Ben-Gurion's passion for Zionism, which began early in life, led him to become a major Zionist leader and Executive Head of the World Zionist Organization in 1946. As head of the Jewish Agency for Palestine, and later president of the Jewish Agency Executive, he became the de facto leader of the Jewish community in Palestine, and largely led the struggle for an independent Jewish state in Palestine. On 14 May 1948, he formally proclaimed the establishment of the State of Israel, and was the first to sign the Israeli Declaration of Independence. Ben-Gurion led the provisional government of Israel during the 1948 Arab-Israeli War, and united the various Jewish militias into the Israel Defense Forces (IDF).

Following the war, Ben-Gurion served as Israel's first Prime Minister. As Prime Minister, he helped build the state institutions, presiding over various national projects aimed at the development of the country.

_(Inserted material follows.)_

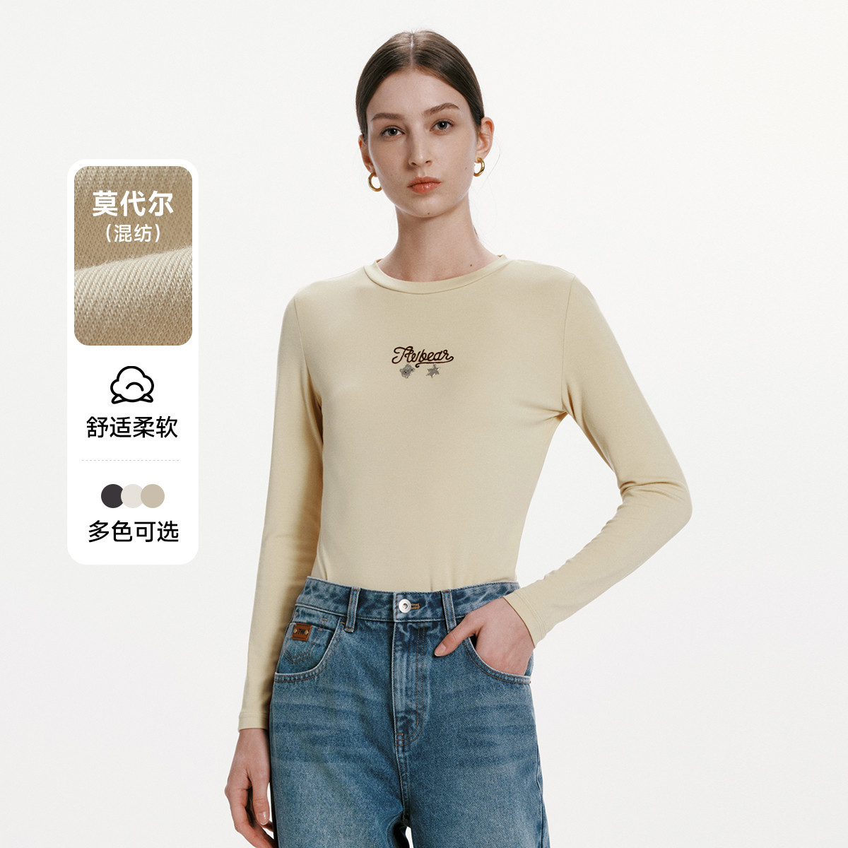 【柔软】小熊长袖T恤桑蚕丝混纺打底衫内搭上衣 537345

He also oversaw the absorption of vast numbers of Jews from all over the world. In 1954, he resigned and served as Defense Minister, before returning to office in 1955. Under his leadership, Israel responded aggressively to Arab guerilla attacks, and in 1956, invaded Egypt along with British and French forces after Egypt nationalized the Suez Canal.

He stepped down from office in 1963, and retired from political life in 1970. He then moved to Sde Boker, a kibbutz in the Negev desert, where he lived until his death. Posthumously, Ben-Gurion was named one of Time magazine's 100 Most Important People of the 20th Century.